Exercise brief: Leave out the pictures and repeat exactly the lines from the one containing "Journaling/Vanity Desk (Antique" through the end of the records.
-------- Data section --------
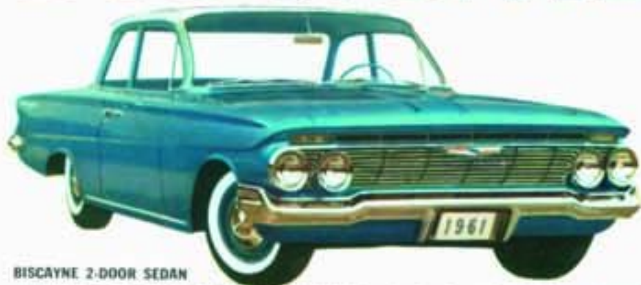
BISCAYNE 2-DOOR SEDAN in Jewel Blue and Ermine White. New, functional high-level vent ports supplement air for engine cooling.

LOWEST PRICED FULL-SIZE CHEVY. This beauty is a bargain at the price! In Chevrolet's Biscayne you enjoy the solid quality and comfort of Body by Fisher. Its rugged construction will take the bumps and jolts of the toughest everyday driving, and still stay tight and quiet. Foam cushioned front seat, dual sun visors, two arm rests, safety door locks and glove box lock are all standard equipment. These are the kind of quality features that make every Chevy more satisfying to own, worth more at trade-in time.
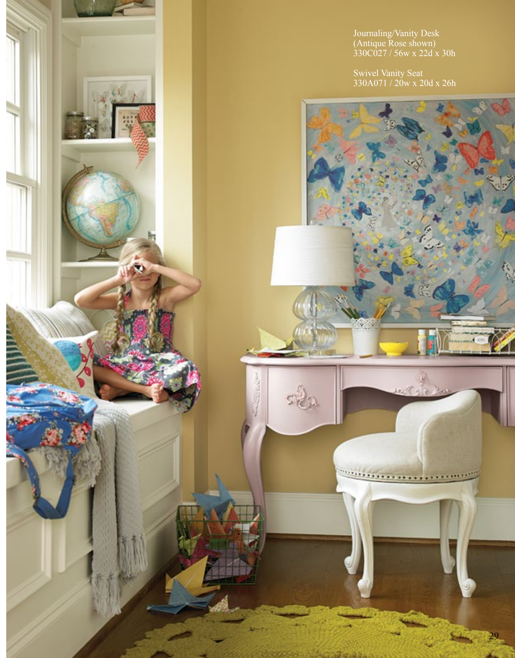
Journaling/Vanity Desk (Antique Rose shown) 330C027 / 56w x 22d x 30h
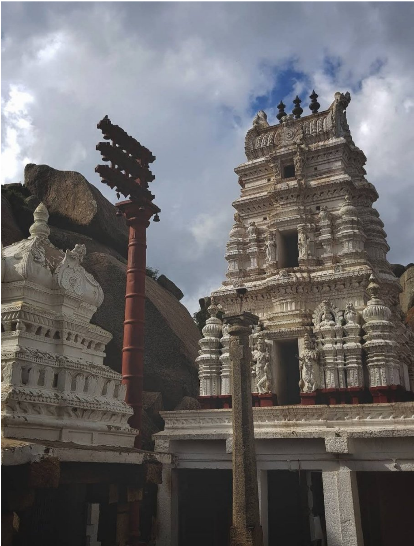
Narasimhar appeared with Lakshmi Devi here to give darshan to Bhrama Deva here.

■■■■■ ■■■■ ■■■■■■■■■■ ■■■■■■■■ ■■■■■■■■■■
--------
Reply to the task:
Journaling/Vanity Desk (Antique Rose shown) 330C027 / 56w x 22d x 30h
Narasimhar appeared with Lakshmi Devi here to give darshan to Bhrama Deva here.

■■■■■ ■■■■ ■■■■■■■■■■ ■■■■■■■■ ■■■■■■■■■■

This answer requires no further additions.